2) "whereas rough surfaces are most favorable when it comes to bacterial infections since they prevent an easy attachment of pathogenic organisms": it is not clear when the base alloy/TiN coating or a rough surface is favourable.

Materials and methods:

1) "The silver coated TiAl6V4 discs were produced showing an electrolytically deposited": why did you select this coating? is there any commercial product like this? I am a bit surprised because of this selection. It is well known that a thick silver metal coating is cytotoxic. Some coatings were investigated in the literaure with a very low amount of silver (Nanomaterials 2020, 10(1), 120; https://doi.org/10.3390/nano10010120) in order to get a balance between antibacterial action and cytocompatibility. Can you give a motovation of your material selection?

Results

1) A part from SEM pictures, topographical measurements of roughness must be reported (Ra or Sa ...) in order to make a quantification of the differences among the tested surfaces

Author Response

Dear reviewer,

We thank you for the comments and suggestions. Please find below our corrections and/or answers to the points you raised (italics):

Abstract:

1) "Various types of titanium-aluminum-vanadium (TiAl6V4) alloy surface modifications were tested  ...": it is not clear which is the set of investigated surfaces and because of this, the results summarized later in the abstract are not clear. Make in the abstract a short list of the types of investigated surfaces.

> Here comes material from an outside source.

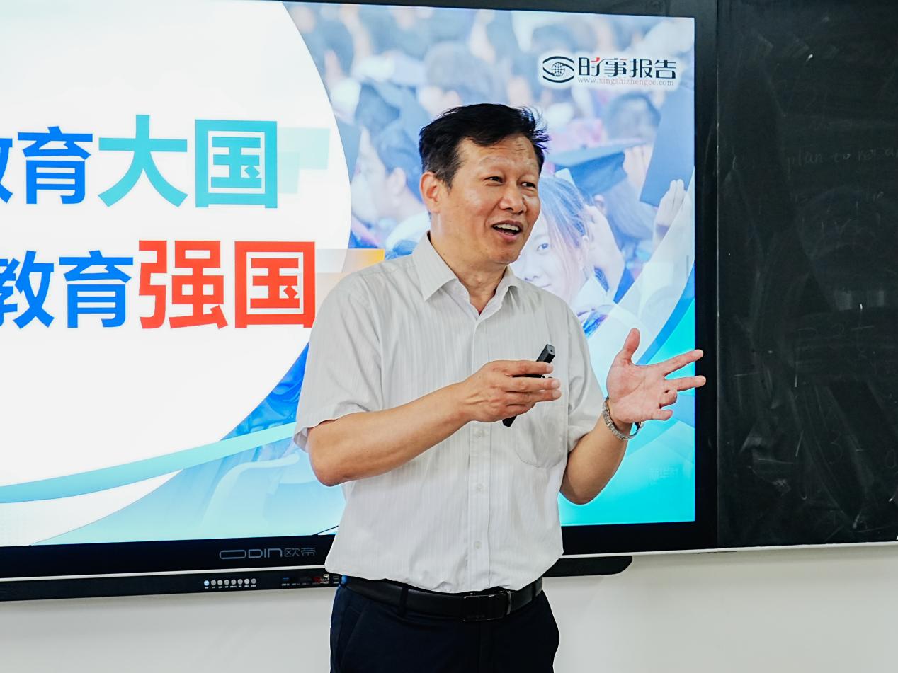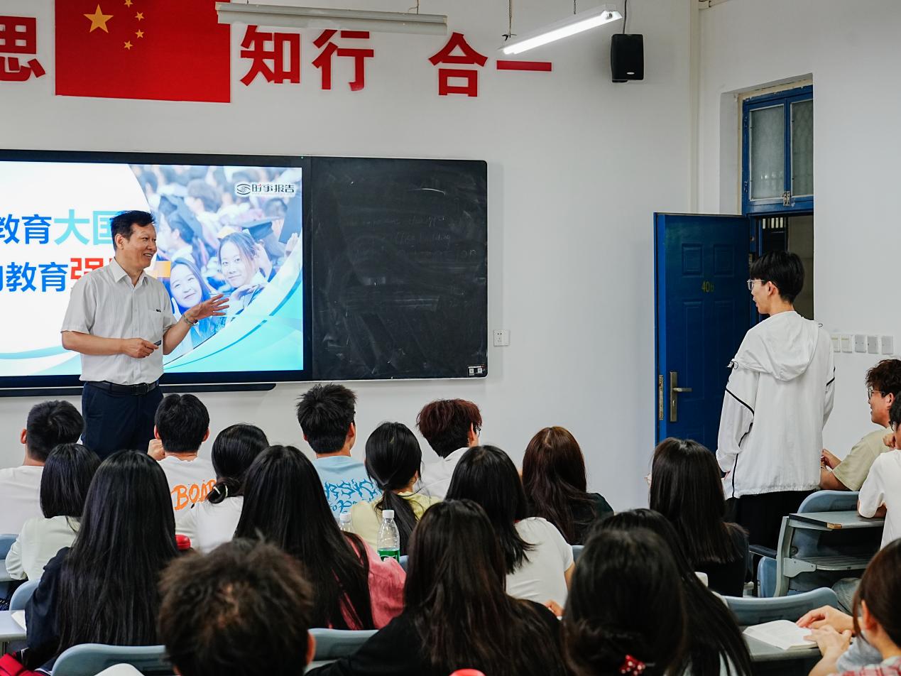 首先,吴中通过课堂互动提问的方式,抛出“在你们过往的教育历程里,哪一段教育过程令你印象深刻?其深刻原因是什么?”这一问题,以此作为切入点,迅速引发了同学们的积极思考与热烈讨论。吴中认真倾听,在充分了解同学们的想法后,他巧妙地将这些个人经历与教育强国建设的大背景相结合,深入浅出地阐述了教育在国家发展中的关键作用。

A list of the different surface modifications has been added to the abstract: ´…Various types of titanium-aluminum-vanadium (TiAl6V4) alloy surface modifications (coatings with silver (Ag), titanium nitride (TiN), pure titanium (cpTi), combination of cpTi and hydroxy-apatite (HA), combination of cpTi and tricalcium phosphate (TCP) and a rough blasted surface of TiAl6V4) have been investigated to assess their effects on biofilm development.  …´

2) "whereas rough surfaces are most favorable when it comes to bacterial infections since they prevent an easy attachment of pathogenic organisms": it is not clear when the base alloy/TiN coating or a rough surface is favourable.

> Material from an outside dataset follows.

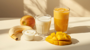 ผลไม้สุก เช่น กล้วย มะม่วง น้ำผลไม้ปั่น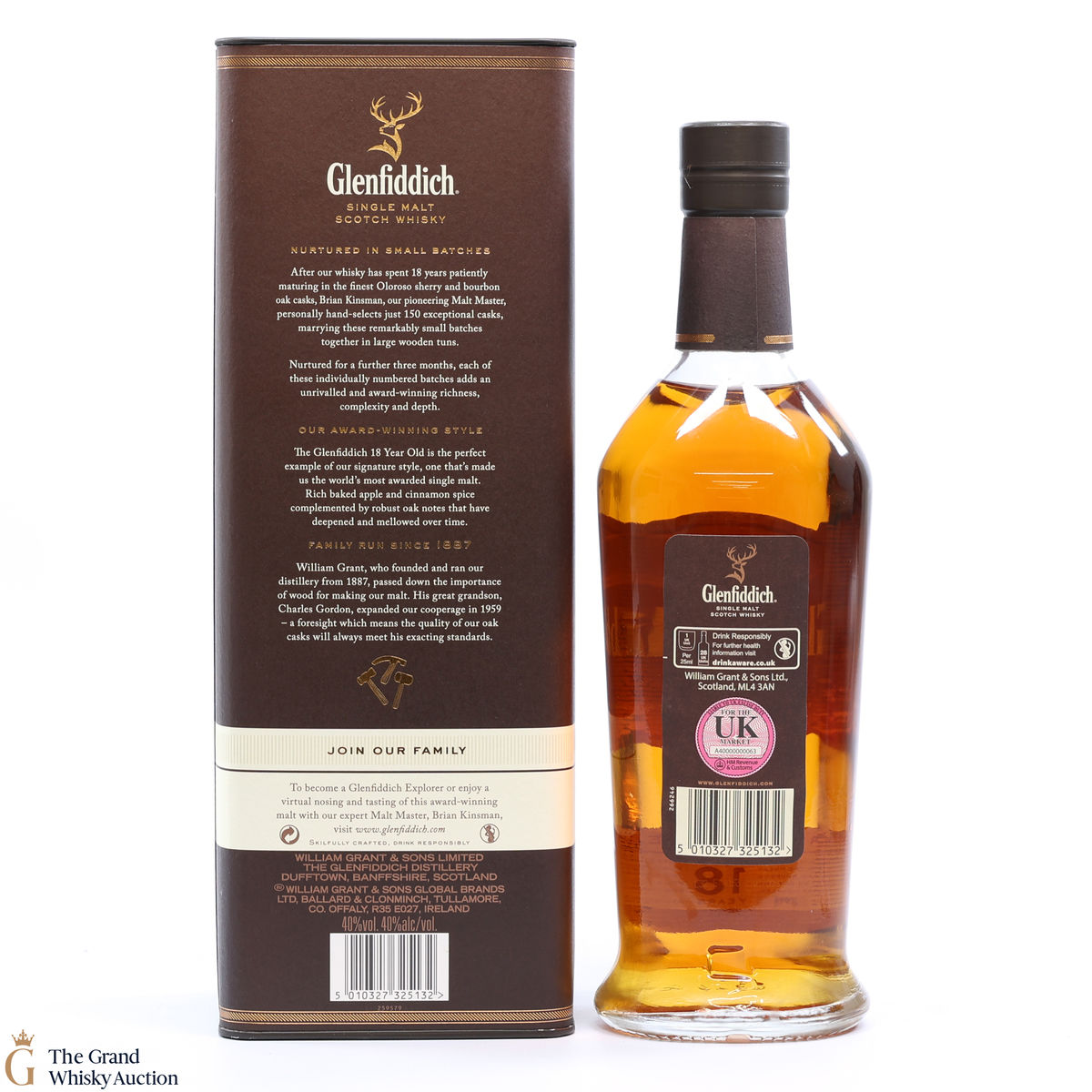 Matured in small batches the Glenfiddich 18 is arguably the most complex in the core range. The single malt has been matured in oloroso sherry and bourbon casks. It is very fragrant with tropical fruit and sherry cask influences, rich baked apple and cinnamon spice compliments by robust oak notes.

This mistake has been clarified in this manner: ´… According to the findings of this study the base alloy TiAl6V4 and the TiN coated surface are the most promising materials for biofilm reduction. Rough surfaces are most favorable when it comes to bacterial infections since they allow an easy attachment of pathogenic organisms. …´

Materials and methods:

1) "The silver coated TiAl6V4 discs were produced showing an electrolytically deposited": why did you select this coating? is there any commercial product like this? I am a bit surprised because of this selection. It is well known that a thick silver metal coating is cytotoxic. Some coatings were investigated in the literaure with a very low amount of silver (Nanomaterials 2020, 10(1),120; https://doi.org/10.3390/nano10010120) in order to get a balance between antibacterial action and cytocompatibility. Can you give a motovation of your material selection?

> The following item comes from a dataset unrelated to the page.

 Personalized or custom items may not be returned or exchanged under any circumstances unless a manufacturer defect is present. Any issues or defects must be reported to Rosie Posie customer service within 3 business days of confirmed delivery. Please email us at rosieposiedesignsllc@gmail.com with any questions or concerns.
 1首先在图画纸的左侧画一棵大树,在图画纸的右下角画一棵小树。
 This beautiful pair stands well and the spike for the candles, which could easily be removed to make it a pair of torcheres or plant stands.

We agree with the reviewer in the general conclusions on the influence of silver coatings on cell cytotoxicity. The topic is very controvers and there are studies showing high silver levels in blood and serum of patients and other only reporting a minor influence. However silver coatings also show promising results in fighting bacterial infections. In the light of this controversy, and as the study is focusing on the influence of the coatings on the bacterial adhesion processes, we wanted to include a solid silver coating in the study in order to add to the knowledge base for future studies.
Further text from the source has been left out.